Aims and Fit of Module
This module introduces students to model-building as a basis for analyzing time-series data, and to the use of formal, mainly quantitative, methods for improving decision-making in complex and uncertain situations. It emphasizes the use and interpretation of techniques rather than mechanistic details. By using complete R code examples throughout, this module provides a practical foundation for performing statistical forecasting and decision-making.
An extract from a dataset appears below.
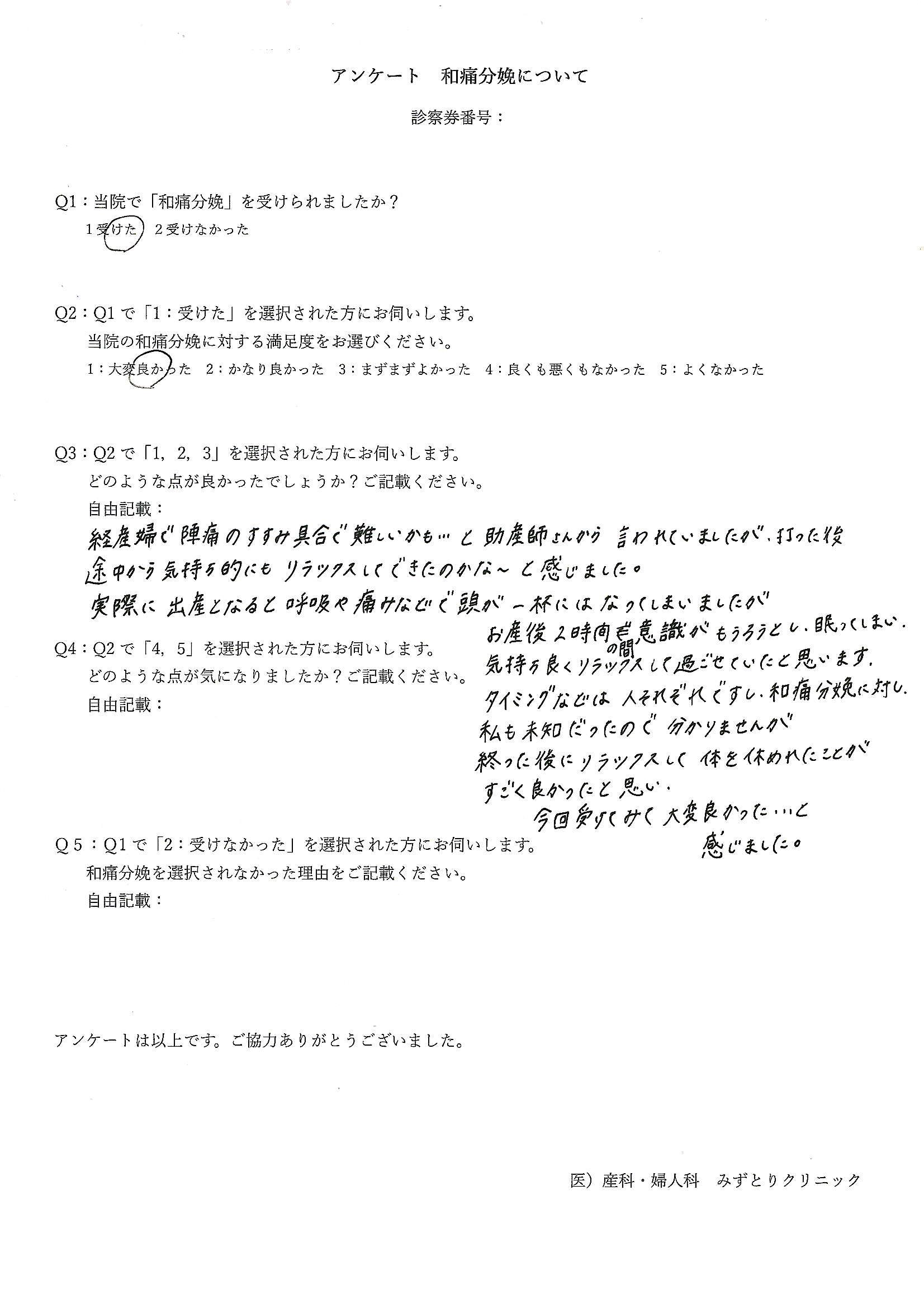 自由記載:経産婦で陣痛のすすみ具合で難しいかも…と助産師さんから言われていましたが、

It equips students with more advanced forecasting and decision-making models.
Learning outcomes
A Demonstrate a critical understanding of advanced econometric models in time-seriesB Formulate, estimate and conduct tests of hypotheses using time series data
C Conduct forecasts in time series models and build appropriate models of volatility
D Demonstrate an understanding of a variety of approaches to model-building and decision support in the context of biology
E Apply analytical models/methods for statistic forecasting and decision-making in practical scenarios,understand how they work, and be able to implement them within a programming language
Method of teaching and learning
Course content will be delivered primarily via standard lectures that will be accompanied by suitable lecture handouts (also available on LMO). Students will also be guided to sections of specific textbooks and if reading of specific reviews or source literature is required, then copies of these will be made available to the students. Tutorials will be given as a platform to address any specific question or issue from individual students.